[Saved entries]
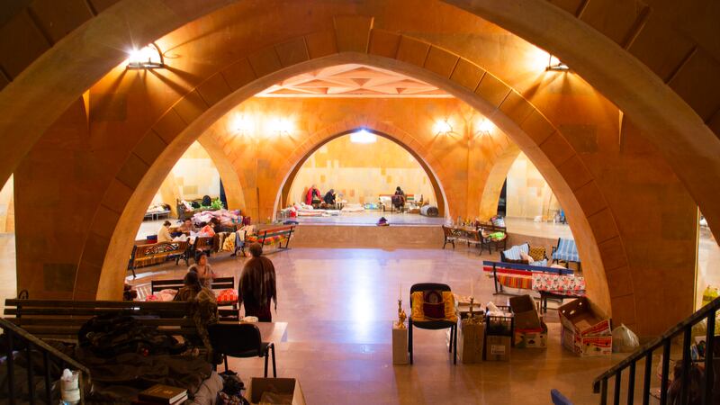 Because of artillery fire, the local population, who remained in Stepanakert, are forced to stay in a shelter. They now live in basements such as this one under a church.
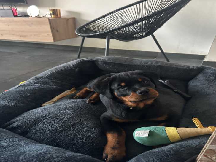 Nous vendons notre chiot Rottweiler. C'est une adorable petite femelle. Elle est sociable, pleine d’énergie, et sociable avec les chiens et les enfants.
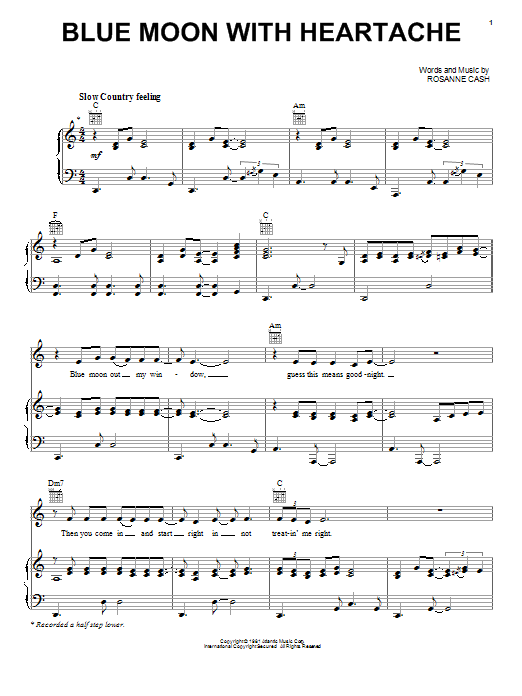 Download or print Rosanne Cash Blue Moon With Heartache sheet music, chords and digital score arranged for Piano, Vocal & Guitar Chords (Right-Hand Melody). This Pop score includes 6 page(s).
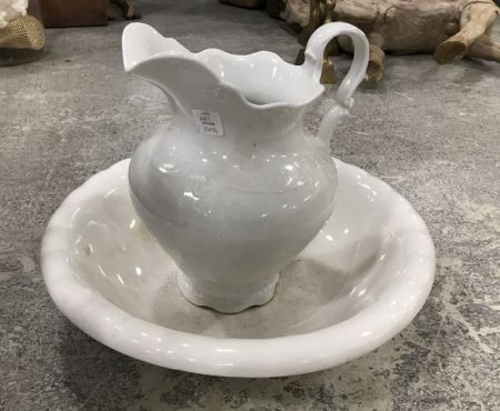 687 TST White Porcelain Wash Pitcher and Bowl
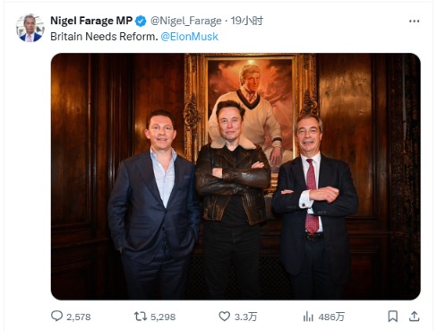 马斯克或涉足英国政治,与英国改革党领袖会面
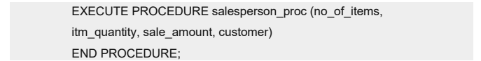 在示例中,过程 company_proc 接受五个参数,并将它们插入至 company_tbl 内。然后,LET
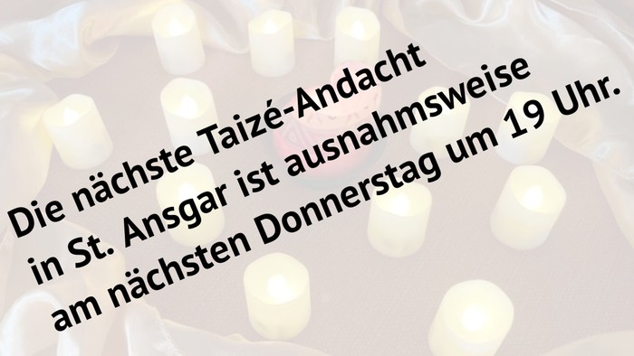 Ausnahmsweise findet die Taizé-Andacht im April und Mai jeweils am dritten Donnerstag statt - also am 16. April bzw. am 21. Mai.

- GOAL OF THE EXERCISE -
The records must be restated word for word, apart from any images.

- REPLY TO THE TASK -
 Because of artillery fire, the local population, who remained in Stepanakert, are forced to stay in a shelter. They now live in basements such as this one under a church.
 Nous vendons notre chiot Rottweiler. C'est une adorable petite femelle. Elle est sociable, pleine d’énergie, et sociable avec les chiens et les enfants.
 Download or print Rosanne Cash Blue Moon With Heartache sheet music, chords and digital score arranged for Piano, Vocal & Guitar Chords (Right-Hand Melody). This Pop score includes 6 page(s).
 687 TST White Porcelain Wash Pitcher and Bowl
 马斯克或涉足英国政治,与英国改革党领袖会面
 在示例中,过程 company_proc 接受五个参数,并将它们插入至 company_tbl 内。然后,LET
 Ausnahmsweise findet die Taizé-Andacht im April und Mai jeweils am dritten Donnerstag statt - also am 16. April bzw. am 21. Mai.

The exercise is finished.